Atera’s design, says Parts and Labor principal Andrew Cohen, is a subtle yet meticulous “interpretation of Matt’s approach to cooking.” Just as the chef’s tasting menus embrace unexpected, freshly foraged ingredients, the restaurant itself begs to be discovered through the handcrafted pieces on display and each modern industrial detail.

“We wanted a natural materiality [to reflect this seasonality] but not something that suggested a traditional farm-to- table experience,” says Cohen, who oversaw the project with partner Jeremy Levitt.
To successfully re-imagine the space and mesh with Lightner’s vision, Cohen and Levitt redesigned the entire restaurant-save for those rich walnut walls. “We liked how clean they were so we added more,” Cohen points out.

There are only 18 seats at Atera, yet the duo amplified the restaurant’s challenging volume through contrast. “Objects are composed in a way that doesn’t take away from the food but only enhances it,” says Çohen.
For example, an all-brass chandelier greets guests in the vestibule entry while a barn wood ceiling provides a backdrop of nuanced rusticity to the white porcelain pendant lights with gold-leaf interiors hanging from tree-like armatures inside. At the bar blue leather stools play off slate roof tiles in the open kitchen, and the bar top, made of “super sanded, hand-poured concrete is just as soft as wood.” Says Cohen, “We wanted all these pieces to play together. The glass plays with the porcelain and the porcelain plays with the wood and they all have symbiotic relationships.”
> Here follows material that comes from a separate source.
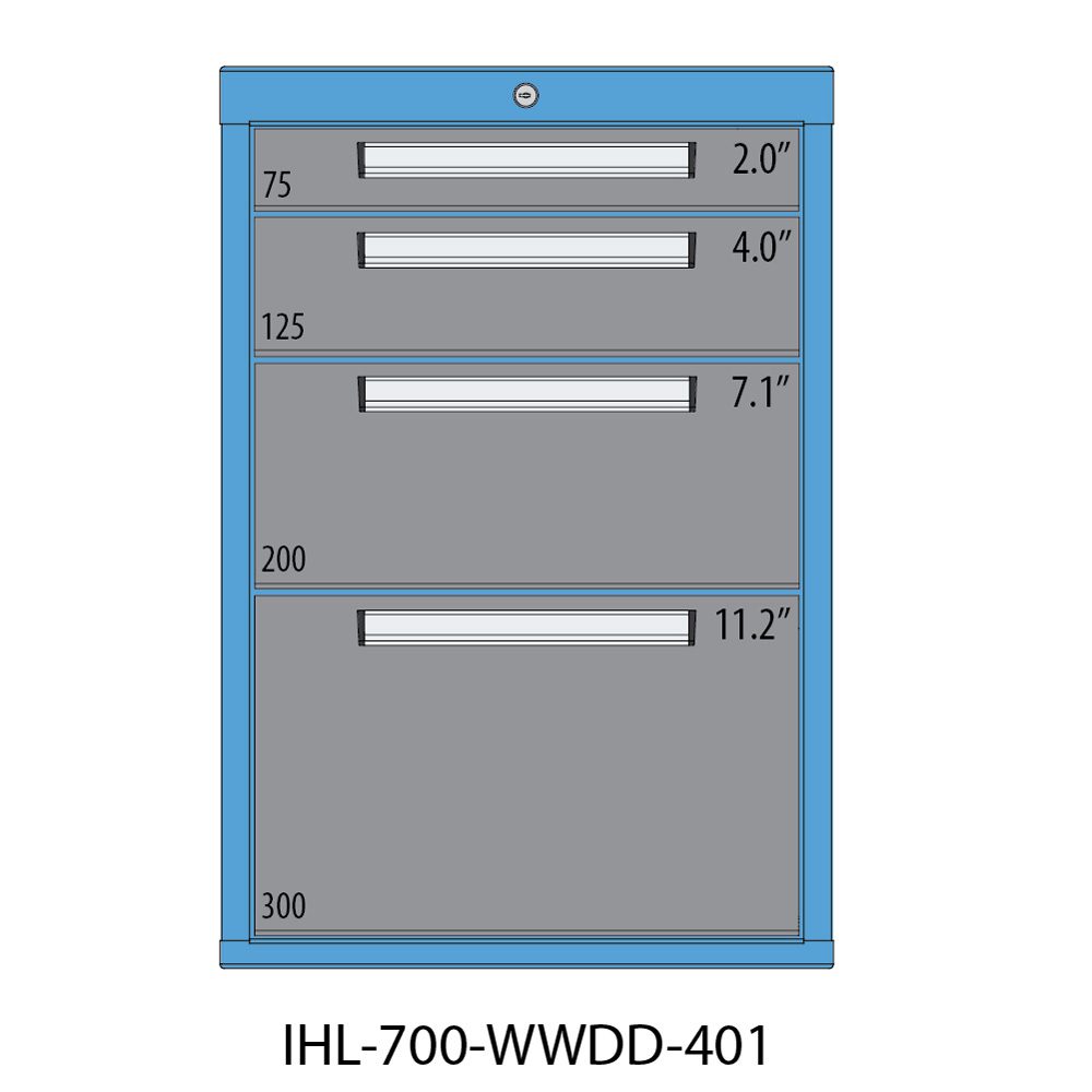 IHL-700-1824-401 / 18''W x 24''D x 32.50''H / 4 Drawer Cabinet, IHL-700-2424-401 / 24''W x 24''D x 32.50''H / 4 Drawer Cabinet, IHL-700-3024-401 / 30''W x 24''D x 32.50''H / 4 Drawer Cabinet, IHL-700-3624-401 / 36''W x 24''D x 32.50''H / 4 Drawer Cabinet, IHL-700-4824-401 / 48''W x 24''D x 32.50''H / 4 Drawer Cabinet, IHL-700-5624-401 / 56''W x 24''D x 32.50''H / 4 Drawer Cabinet, IHL-700-1828-401 / 18''W x 28''D x 32.50''H / 4 Drawer Cabinet, IHL-700-2428-401 / 24''W x 28''D x 32.50''H / 4 Drawer Cabinet, IHL-700-3028-401 / 30''W x 28''D x 32.50''H / 4 Drawer Cabinet, IHL-700-3628-401 / 36''W x 28''D x 32.50''H / 4 Drawer Cabinet, IHL-700-4828-401 / 48''W x 28''D x 32.50''H / 4 Drawer Cabinet, IHL-700-5628-401 / 56''W x 28''D x 32.50''H / 4 Drawer Cabinet

If there is one element that best underscores the interplay between Lightner’s visually striking food and Parts and Labor’s design it is the sensory plant wall, a transporting mélange of herbs and spices such as rosemary, sage, mint, nutmeg, and lemongrass suspended above a nine-foot communal table. Concealed by frosted windows and forest-like tree planters, this sanctuary might as well be private dining.